Single-Magnitude Story Sizing (Rather than Same-Sizing)

A practice exists in the agile community of “same-sizing” (sometimes called “single-sizing”) user stories. I tend to cringe when I hear this because it’s often accompanied by questionable guidance that it’s “required” for kanban or continuous flow or NoEstimates (it’s not). But at the recent Lean Agile Scotland conference, I heard an interesting and helpful clarification of at least one person’s version of this practice that switched on a light for me.

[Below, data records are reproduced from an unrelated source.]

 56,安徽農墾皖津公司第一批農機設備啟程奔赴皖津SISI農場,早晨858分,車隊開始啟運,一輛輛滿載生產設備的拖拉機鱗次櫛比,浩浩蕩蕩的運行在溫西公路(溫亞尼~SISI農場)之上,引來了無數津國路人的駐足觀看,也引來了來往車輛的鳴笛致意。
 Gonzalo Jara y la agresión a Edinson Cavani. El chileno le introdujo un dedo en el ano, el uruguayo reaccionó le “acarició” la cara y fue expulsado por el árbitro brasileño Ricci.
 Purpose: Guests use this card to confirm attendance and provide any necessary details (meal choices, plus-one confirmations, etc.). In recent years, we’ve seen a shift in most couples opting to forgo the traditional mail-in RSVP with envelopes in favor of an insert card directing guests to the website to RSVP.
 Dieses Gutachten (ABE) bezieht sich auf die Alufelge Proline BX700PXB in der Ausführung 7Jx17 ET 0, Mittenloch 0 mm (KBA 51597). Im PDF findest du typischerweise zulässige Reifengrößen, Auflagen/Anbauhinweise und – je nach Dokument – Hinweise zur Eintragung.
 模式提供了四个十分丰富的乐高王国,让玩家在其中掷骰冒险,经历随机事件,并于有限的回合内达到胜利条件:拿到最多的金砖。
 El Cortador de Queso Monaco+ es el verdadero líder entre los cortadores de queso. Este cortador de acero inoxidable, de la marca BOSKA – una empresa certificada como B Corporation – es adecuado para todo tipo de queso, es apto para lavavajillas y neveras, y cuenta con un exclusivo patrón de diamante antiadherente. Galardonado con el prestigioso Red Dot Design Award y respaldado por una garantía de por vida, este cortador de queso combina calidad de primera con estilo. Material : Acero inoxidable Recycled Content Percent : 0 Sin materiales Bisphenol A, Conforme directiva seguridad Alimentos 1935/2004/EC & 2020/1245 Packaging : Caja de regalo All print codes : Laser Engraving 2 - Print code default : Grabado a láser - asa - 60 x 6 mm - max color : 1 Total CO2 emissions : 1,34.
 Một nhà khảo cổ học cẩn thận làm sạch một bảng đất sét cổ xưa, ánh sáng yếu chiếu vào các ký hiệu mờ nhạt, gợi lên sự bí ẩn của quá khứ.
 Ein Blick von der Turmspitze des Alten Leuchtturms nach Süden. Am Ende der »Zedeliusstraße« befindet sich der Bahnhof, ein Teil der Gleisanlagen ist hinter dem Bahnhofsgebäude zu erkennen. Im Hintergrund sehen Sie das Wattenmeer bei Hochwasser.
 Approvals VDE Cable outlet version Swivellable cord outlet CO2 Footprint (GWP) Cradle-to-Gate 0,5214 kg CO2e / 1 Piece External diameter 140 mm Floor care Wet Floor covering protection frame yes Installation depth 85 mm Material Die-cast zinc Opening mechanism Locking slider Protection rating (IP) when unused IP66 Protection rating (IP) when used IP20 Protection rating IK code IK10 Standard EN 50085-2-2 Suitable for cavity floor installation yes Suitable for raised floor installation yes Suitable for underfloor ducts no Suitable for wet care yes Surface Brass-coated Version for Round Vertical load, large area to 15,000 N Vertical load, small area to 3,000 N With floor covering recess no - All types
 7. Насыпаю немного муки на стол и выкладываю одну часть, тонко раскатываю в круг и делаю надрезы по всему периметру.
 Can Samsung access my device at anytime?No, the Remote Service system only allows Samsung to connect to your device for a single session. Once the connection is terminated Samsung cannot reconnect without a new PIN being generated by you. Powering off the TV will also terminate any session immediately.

Lyndsay Prewer gave a talk on reimagining agile ceremonies in which he touched on “evolving estimation.” He noted that his teams had started following Pawel Brodzinski’s three-choice approach of “estimating”:
  • 1
  • TFB: Too F-ing Big
  • NFC: No F-ing Clue
Sounded good — I like Pawel’s cheeky and simple heuristic. But I’ve seen teams interpret this as meaning all stories need to be a one either in terms of relative sizing (doing only the “ones” in a Fibonacci estimation session, for example*) or absolute time (doing only stories that would take one day). But here’s where it got interesting: Lyndsay then explained that, for his teams, the “single-sizing” — the “one” in Pawel’s approach — meant that the team expected the story would take between two and 10 days to finish (10 days being the total duration of the two-week sprint). This single size then wasn’t same-sizing at all: It was single-magnitude sizing. Lynsday gave me hope that perhaps not everyone who says he’s doing “same-sizing” is actually trying to make upfront guesses about uniform effort and delivery duration.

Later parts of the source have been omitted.